=== Exercise input ===

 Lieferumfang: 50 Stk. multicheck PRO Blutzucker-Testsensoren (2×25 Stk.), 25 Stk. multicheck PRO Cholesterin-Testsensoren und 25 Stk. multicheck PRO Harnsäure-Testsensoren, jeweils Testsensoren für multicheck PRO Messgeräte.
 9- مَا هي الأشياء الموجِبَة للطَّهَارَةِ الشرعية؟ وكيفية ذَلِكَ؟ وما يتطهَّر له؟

===
=== Exercise input ===

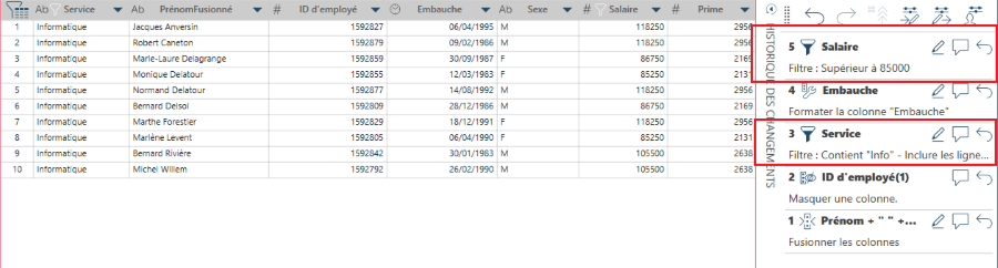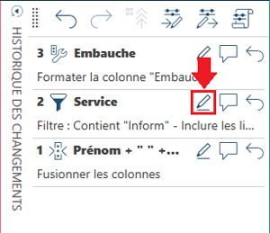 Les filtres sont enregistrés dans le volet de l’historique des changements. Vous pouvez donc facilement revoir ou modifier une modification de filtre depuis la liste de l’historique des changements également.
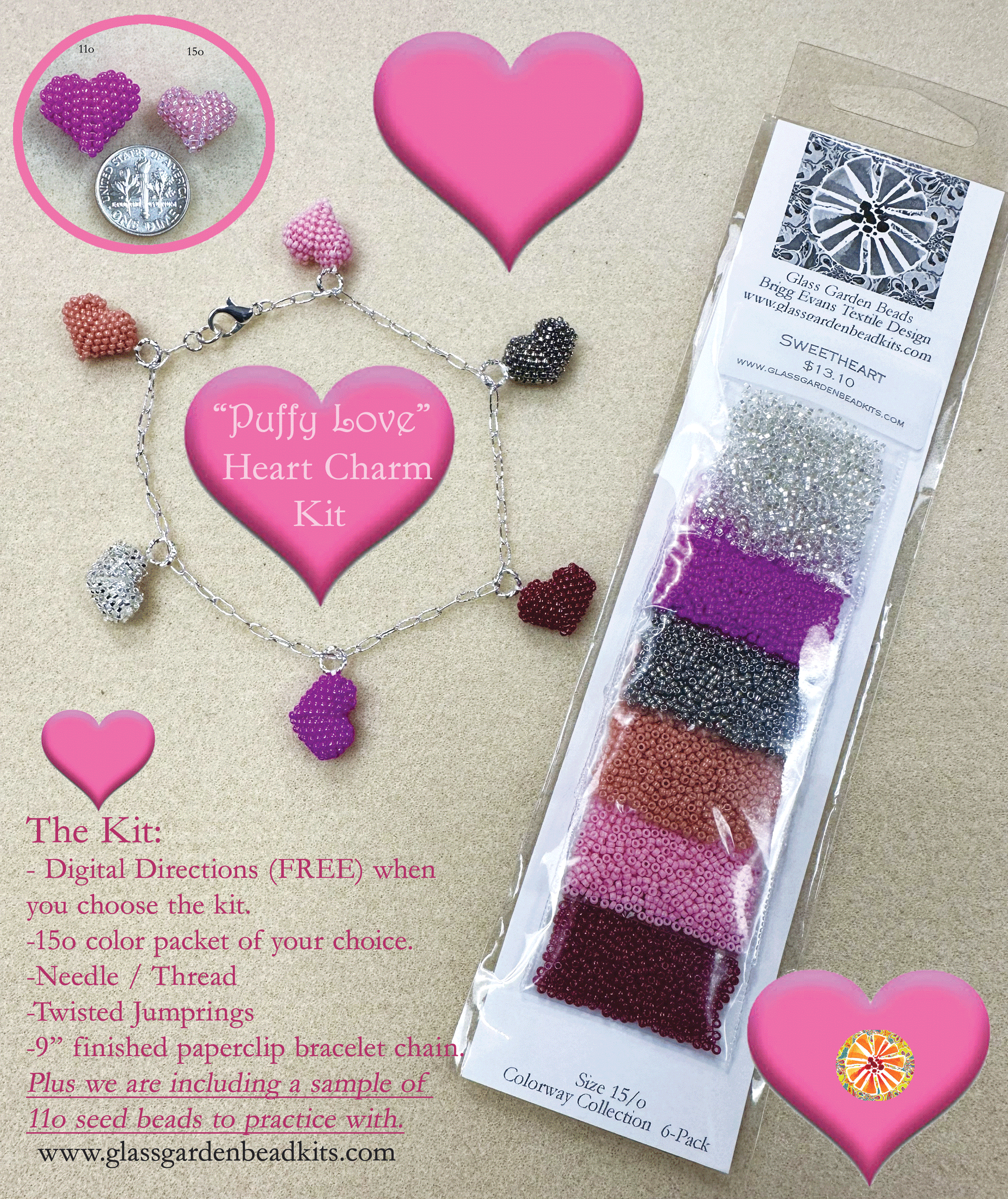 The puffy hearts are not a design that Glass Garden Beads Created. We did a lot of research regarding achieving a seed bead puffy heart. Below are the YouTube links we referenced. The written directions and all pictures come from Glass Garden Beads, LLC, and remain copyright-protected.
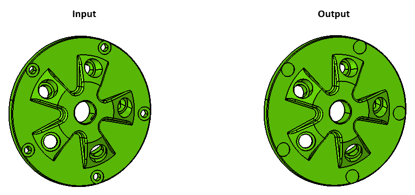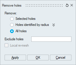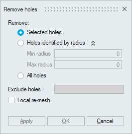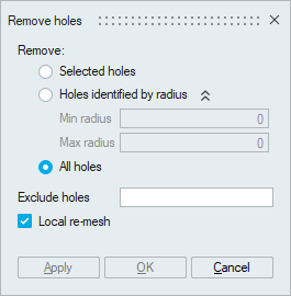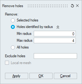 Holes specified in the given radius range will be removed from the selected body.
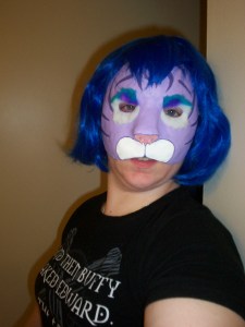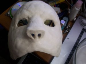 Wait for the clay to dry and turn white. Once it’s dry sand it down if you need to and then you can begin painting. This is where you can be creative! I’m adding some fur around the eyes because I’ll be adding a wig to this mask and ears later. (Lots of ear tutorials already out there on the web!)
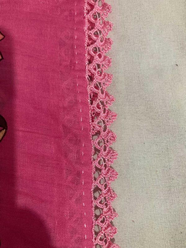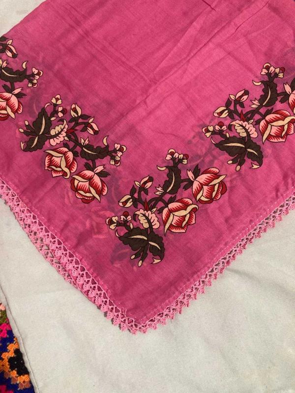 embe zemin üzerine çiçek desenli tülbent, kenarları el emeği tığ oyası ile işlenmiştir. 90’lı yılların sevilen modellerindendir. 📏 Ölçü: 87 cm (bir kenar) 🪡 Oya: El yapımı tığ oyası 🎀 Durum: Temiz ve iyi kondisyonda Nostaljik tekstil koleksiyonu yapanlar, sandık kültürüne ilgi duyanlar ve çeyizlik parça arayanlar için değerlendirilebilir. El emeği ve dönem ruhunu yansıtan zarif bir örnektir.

===

Give again the stretch of the entries above that begins at the line with "Wait for the" and ends at the line with "embe zemin üzerine", word for word, with no pictures.

 Wait for the clay to dry and turn white. Once it’s dry sand it down if you need to and then you can begin painting. This is where you can be creative! I’m adding some fur around the eyes because I’ll be adding a wig to this mask and ears later. (Lots of ear tutorials already out there on the web!)
 embe zemin üzerine çiçek desenli tülbent, kenarları el emeği tığ oyası ile işlenmiştir. 90’lı yılların sevilen modellerindendir. 📏 Ölçü: 87 cm (bir kenar) 🪡 Oya: El yapımı tığ oyası 🎀 Durum: Temiz ve iyi kondisyonda Nostaljik tekstil koleksiyonu yapanlar, sandık kültürüne ilgi duyanlar ve çeyizlik parça arayanlar için değerlendirilebilir. El emeği ve dönem ruhunu yansıtan zarif bir örnektir.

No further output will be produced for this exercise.